* **What the exercise asks**: Output the entries as they appear, skipping images.

Dataset items:
=== Begin Enclosure ===

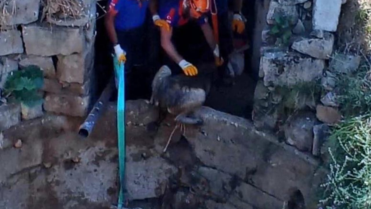 NİĞDE'de 6 metrelik su kuyusuna düşen köpek AFAD ekipleri tarafından kurtarıldı.
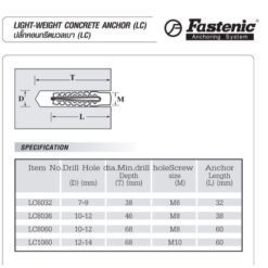 เครื่องมือช่างพุกอิฐมวลเบา FASTENIC รุ่น LC-6032 ขนาด 8.0×32 มม. 3.00฿ ให้คะแนน 5.00 ตั้งแต่ 1-5 คะแนน ดูสินค้า
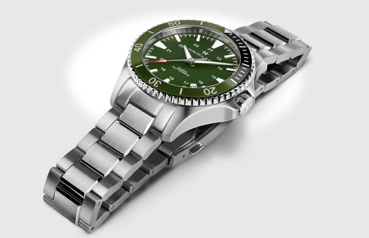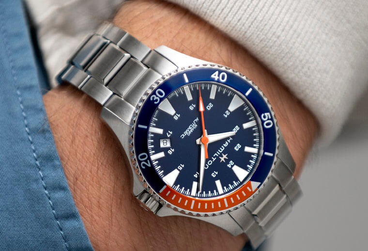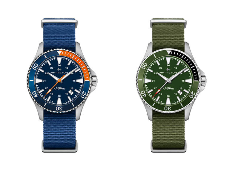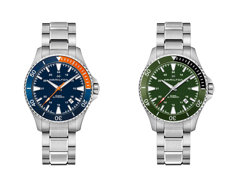 藍色面盤款式搭配的單向旋轉錶圈主要為藍色,但是12點~3點方向則換上呈現對比感的橘色下潛計時刻度(此外手錶的秒針也同樣採用橘色呼應錶圈刻度),而綠色面盤款式同為雙色錶圈設計,綠色錶圈的12點~3點方向改為黑色,不過這款的秒針沒有改成黑色,或許是有可能會造成判讀上的混淆,因此漢米爾頓僅在秒針針尖塗上紅色以供佩戴者區辨。
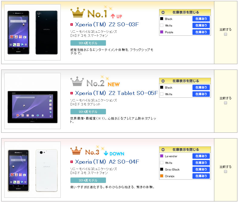 2. XPERIAがトップ3独占!「ドコモオンラインショップランキング」
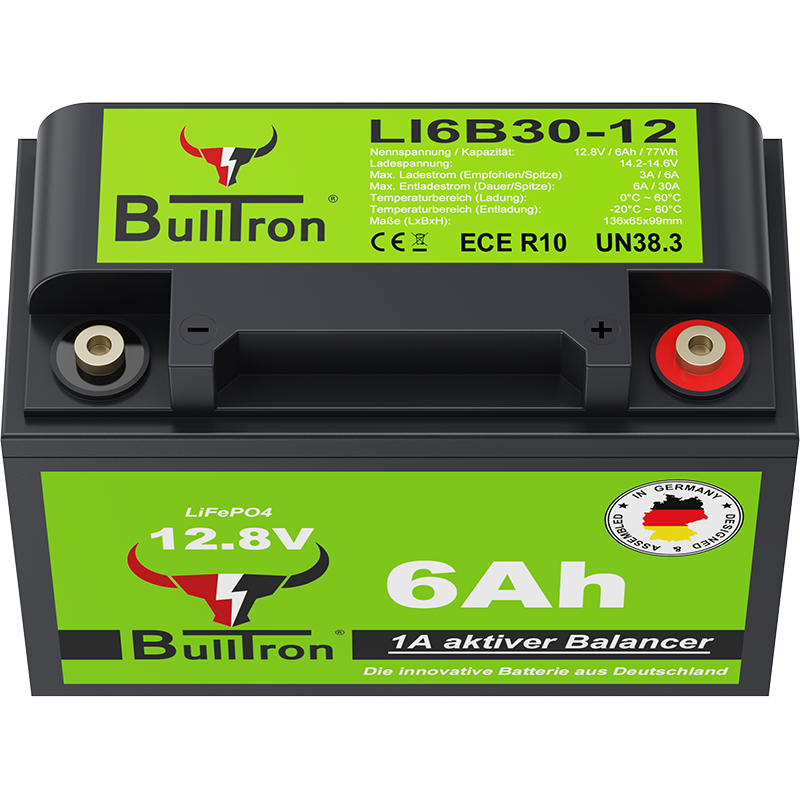 8 Gründe, die für eine 6Ah Clesana Lithiumbatterie von BullTron sprechenEntwickelt und konfektioniert in Deutschland. BullTron ist ein deutscher Hersteller, und so finden auch Service und Reparatur in Deutschland statt.
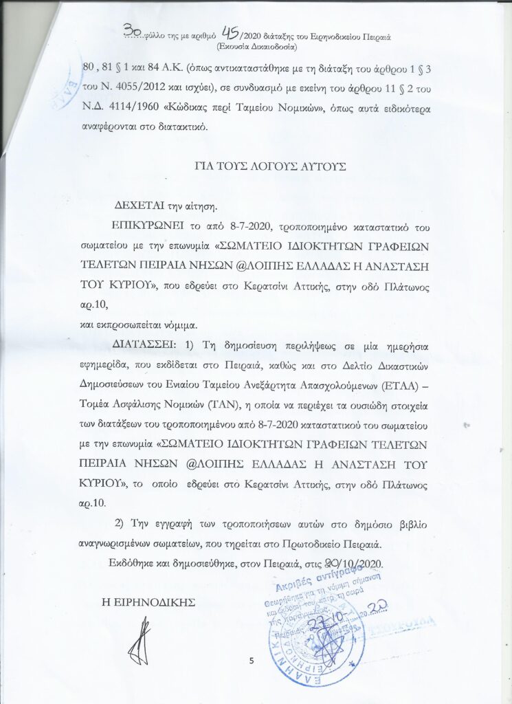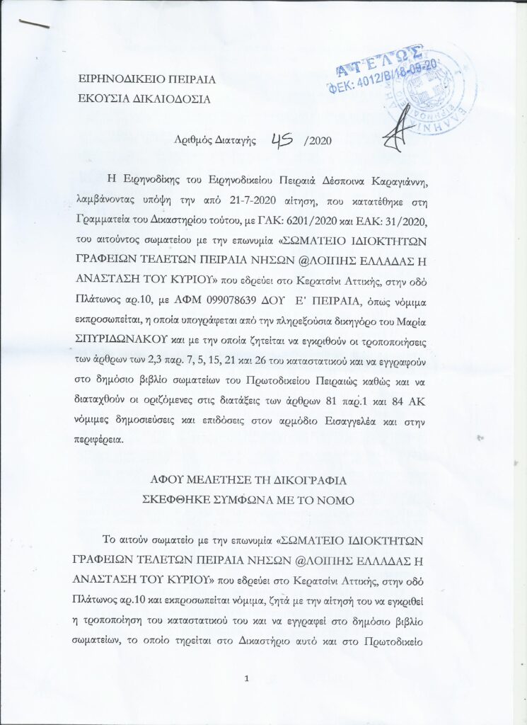 Ακολουθεί σε εικόνες η έγκριση τροποποίησης καταστατικού του Σωματείου μας καθώς και η δημοσίευση σε εφημερίδα.
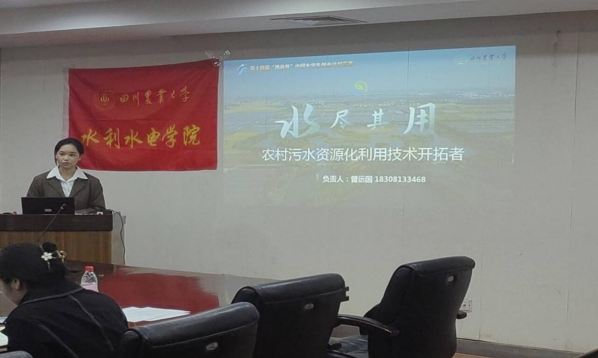 由王莹老师指导,曾远国、张靖潇、江欧等同学参加的项目“‘水’尽其用——农村污水资源化利用技术开拓者”获得一等奖,该项目主要为解决当前我国农村普遍存在污水排放分散和管控困难、污水处理运行成本高、污水去除效率低等问题,此前在第九届四川省国际“互联网+”大学生创新创业大赛中斩获省银,已授权或申请相关专利5项。
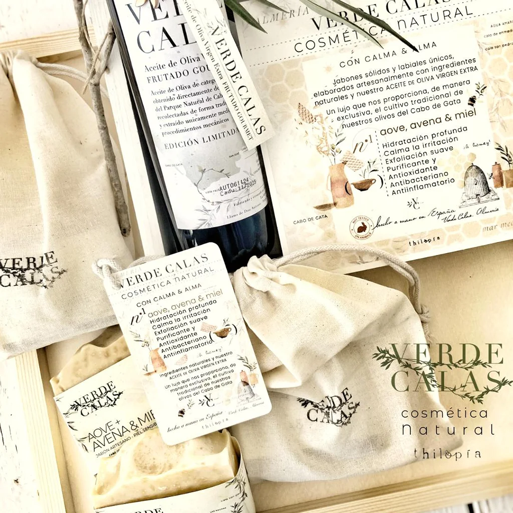 Partiendo del Aceite de Oliva Virgen Extra Verde Calas, y de un afán por realzar el lujo que se esconde también en lo “de toda la vida” surgió la idea de hacer jabones y labiales naturales y artesanales, pero mejorados, utilizando el Virgen Extra de nuestros aceites del Cabo de Gata, que es la mejor materia prima, acompañado de una selección de ingredientes de primera calidad y aromas procedentes únicamente de aceites esenciales. Un mix de “gloria bendita” para nuestra piel y nuestros sentidos. Una gama de Cosméticos AOVE que aspira a más, porque la calidad del AOVE de Almería es excelente.
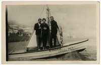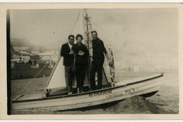 Una mujer y dos hombres adultos, aparecen en la fotografía de pie al interior de bote de madera "El Caleuche Cartagena P.R.1". De fondo, algunas casas de ese balneario.
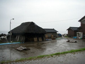五駅目「すず塩田村」・・・曽々木を過ぎた辺りから強い雨が降り出した。塩田もすっかり水浸し・・・梅雨とはいえ、こんな天気が続くと塩づくりも大変だ。そういえば、H9年だったか、天候不順で生産量激減という年がありましたなぁ。
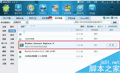 1、如果您已经安装了金山安全套装,请运行套装中的金山卫士,点击顶部中的[软件管理],选择[软件卸载]选项,系统会自动对您当前电脑软件进行分类,您可以选择浏览器分类,金山卫士软件管理工具会将您当前的浏览器全部展现出来;
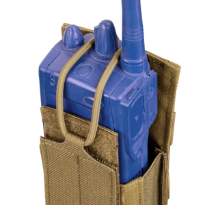 The pouch may be attached directly to the uniform when a MOLLE webbing system is present and a simple bungee cord retention system that allows for rapid access to the radio when required.
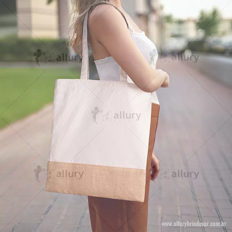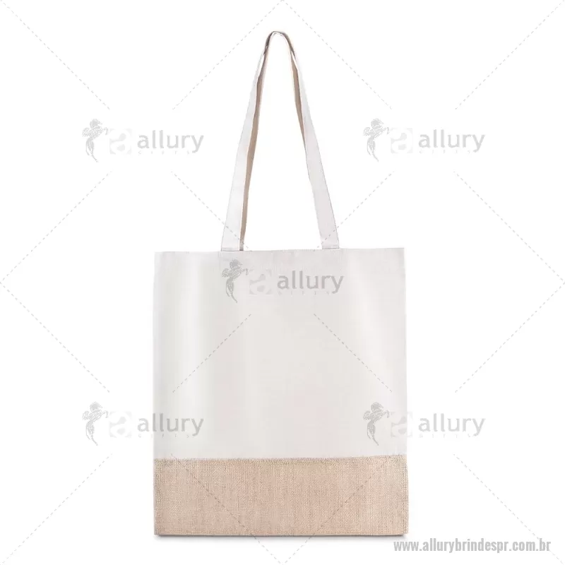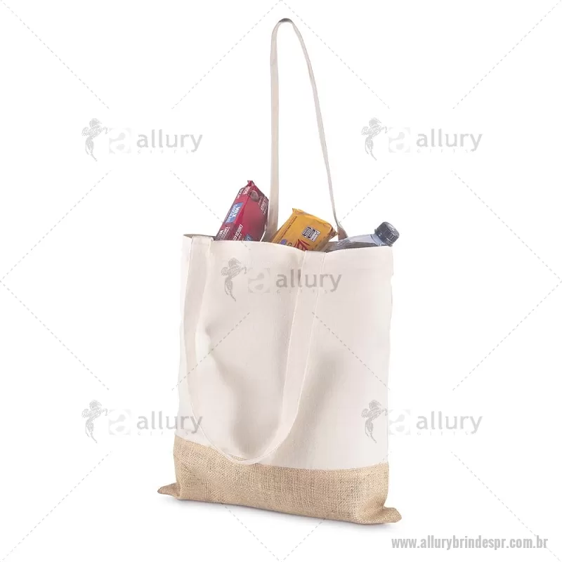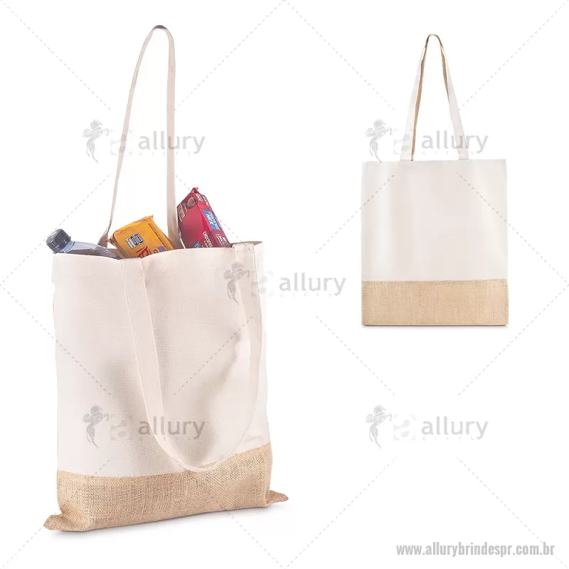 Sacola em Algodão e Juta 220g/m² (42x38x8,5cm) Sacola em Algodão Cru 220g/m² com detalhe em Juta. Alça com altura de 30 cm, ideal para transporte. Dimensão Produto: 42x37,5x8,5cm (AxLxP) Peso do Produto: 0,120kg Volume: 13L - - ALLPRSAC106
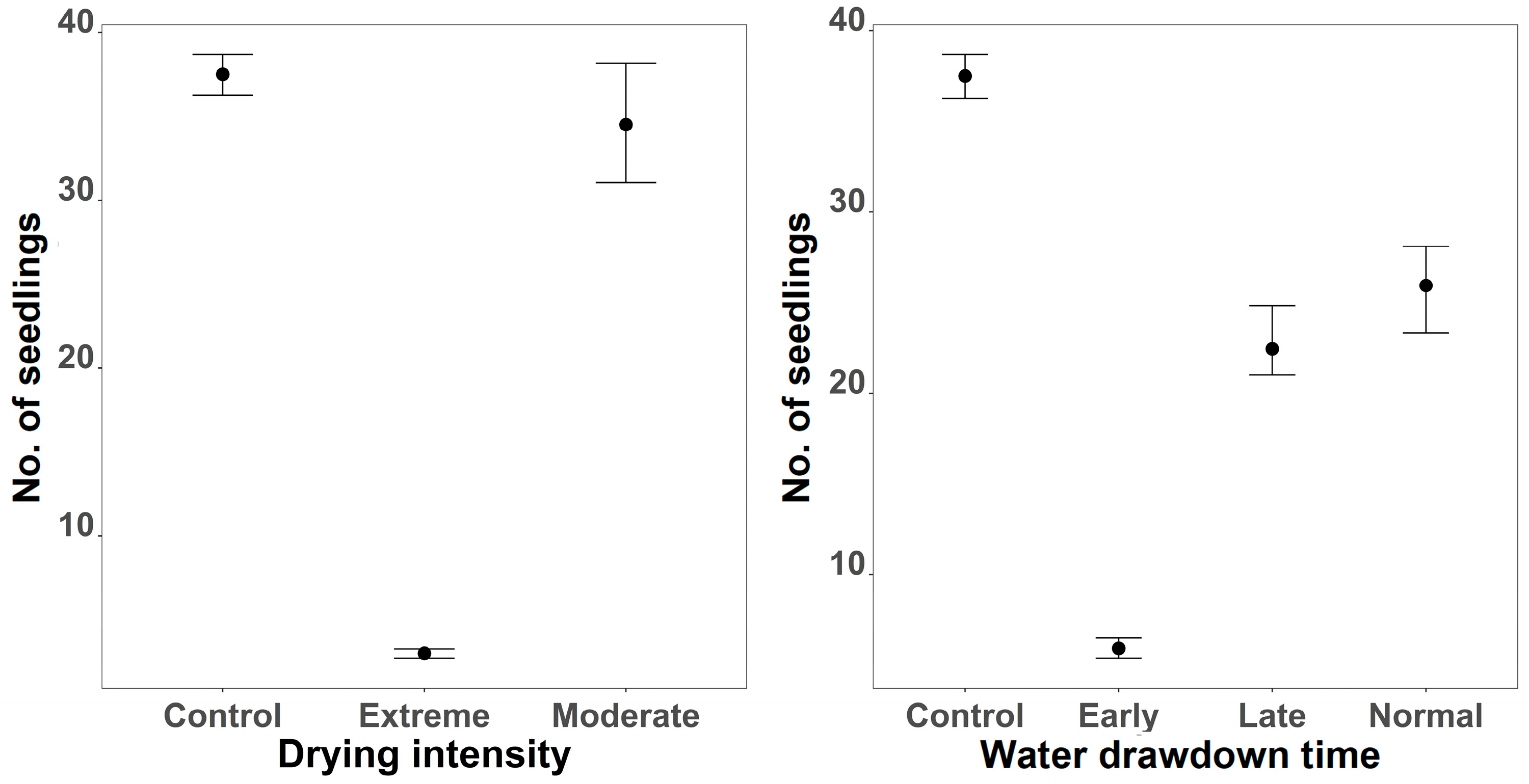 - Early drawdowns will have stronger negative effects on growth and regeneration than late drawdowns.
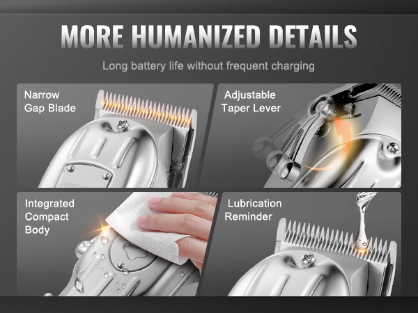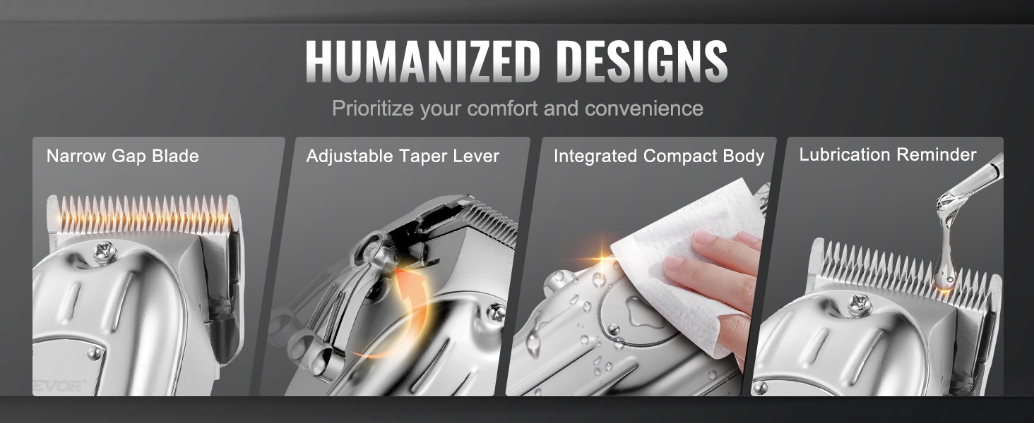 Mukavuus ja helppokäyttöisyys ovat keskiössä: sileä ja terävä terä, ergonominen ote, säädettävä karttuvipu sekä öljyämismuistutus on suunniteltu tekemään hiusten ja parran siistimisestä mahdollisimman vaivatonta ja miellyttävää.
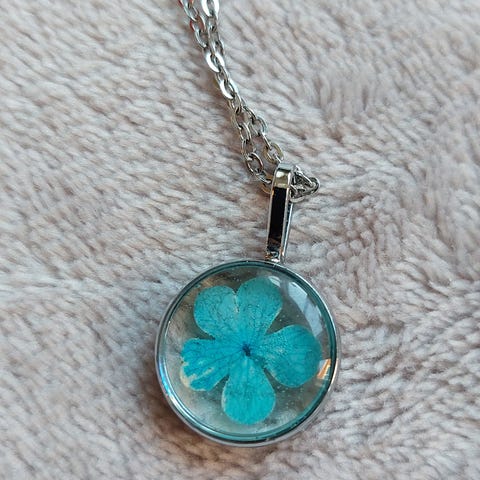Dette halskjedet er håndlaget og forseglet med epoksyharpiks/resin

=== End Enclosure ===

* **Exercise response**:
 NİĞDE'de 6 metrelik su kuyusuna düşen köpek AFAD ekipleri tarafından kurtarıldı.
 เครื่องมือช่างพุกอิฐมวลเบา FASTENIC รุ่น LC-6032 ขนาด 8.0×32 มม. 3.00฿ ให้คะแนน 5.00 ตั้งแต่ 1-5 คะแนน ดูสินค้า
 藍色面盤款式搭配的單向旋轉錶圈主要為藍色,但是12點~3點方向則換上呈現對比感的橘色下潛計時刻度(此外手錶的秒針也同樣採用橘色呼應錶圈刻度),而綠色面盤款式同為雙色錶圈設計,綠色錶圈的12點~3點方向改為黑色,不過這款的秒針沒有改成黑色,或許是有可能會造成判讀上的混淆,因此漢米爾頓僅在秒針針尖塗上紅色以供佩戴者區辨。
 2. XPERIAがトップ3独占!「ドコモオンラインショップランキング」
 8 Gründe, die für eine 6Ah Clesana Lithiumbatterie von BullTron sprechenEntwickelt und konfektioniert in Deutschland. BullTron ist ein deutscher Hersteller, und so finden auch Service und Reparatur in Deutschland statt.
 Ακολουθεί σε εικόνες η έγκριση τροποποίησης καταστατικού του Σωματείου μας καθώς και η δημοσίευση σε εφημερίδα.
 由王莹老师指导,曾远国、张靖潇、江欧等同学参加的项目“‘水’尽其用——农村污水资源化利用技术开拓者”获得一等奖,该项目主要为解决当前我国农村普遍存在污水排放分散和管控困难、污水处理运行成本高、污水去除效率低等问题,此前在第九届四川省国际“互联网+”大学生创新创业大赛中斩获省银,已授权或申请相关专利5项。
 Partiendo del Aceite de Oliva Virgen Extra Verde Calas, y de un afán por realzar el lujo que se esconde también en lo “de toda la vida” surgió la idea de hacer jabones y labiales naturales y artesanales, pero mejorados, utilizando el Virgen Extra de nuestros aceites del Cabo de Gata, que es la mejor materia prima, acompañado de una selección de ingredientes de primera calidad y aromas procedentes únicamente de aceites esenciales. Un mix de “gloria bendita” para nuestra piel y nuestros sentidos. Una gama de Cosméticos AOVE que aspira a más, porque la calidad del AOVE de Almería es excelente.
 Una mujer y dos hombres adultos, aparecen en la fotografía de pie al interior de bote de madera "El Caleuche Cartagena P.R.1". De fondo, algunas casas de ese balneario.
五駅目「すず塩田村」・・・曽々木を過ぎた辺りから強い雨が降り出した。塩田もすっかり水浸し・・・梅雨とはいえ、こんな天気が続くと塩づくりも大変だ。そういえば、H9年だったか、天候不順で生産量激減という年がありましたなぁ。
 1、如果您已经安装了金山安全套装,请运行套装中的金山卫士,点击顶部中的[软件管理],选择[软件卸载]选项,系统会自动对您当前电脑软件进行分类,您可以选择浏览器分类,金山卫士软件管理工具会将您当前的浏览器全部展现出来;
 The pouch may be attached directly to the uniform when a MOLLE webbing system is present and a simple bungee cord retention system that allows for rapid access to the radio when required.
 Sacola em Algodão e Juta 220g/m² (42x38x8,5cm) Sacola em Algodão Cru 220g/m² com detalhe em Juta. Alça com altura de 30 cm, ideal para transporte. Dimensão Produto: 42x37,5x8,5cm (AxLxP) Peso do Produto: 0,120kg Volume: 13L - - ALLPRSAC106
 - Early drawdowns will have stronger negative effects on growth and regeneration than late drawdowns.
 Mukavuus ja helppokäyttöisyys ovat keskiössä: sileä ja terävä terä, ergonominen ote, säädettävä karttuvipu sekä öljyämismuistutus on suunniteltu tekemään hiusten ja parran siistimisestä mahdollisimman vaivatonta ja miellyttävää.
Dette halskjedet er håndlaget og forseglet med epoksyharpiks/resin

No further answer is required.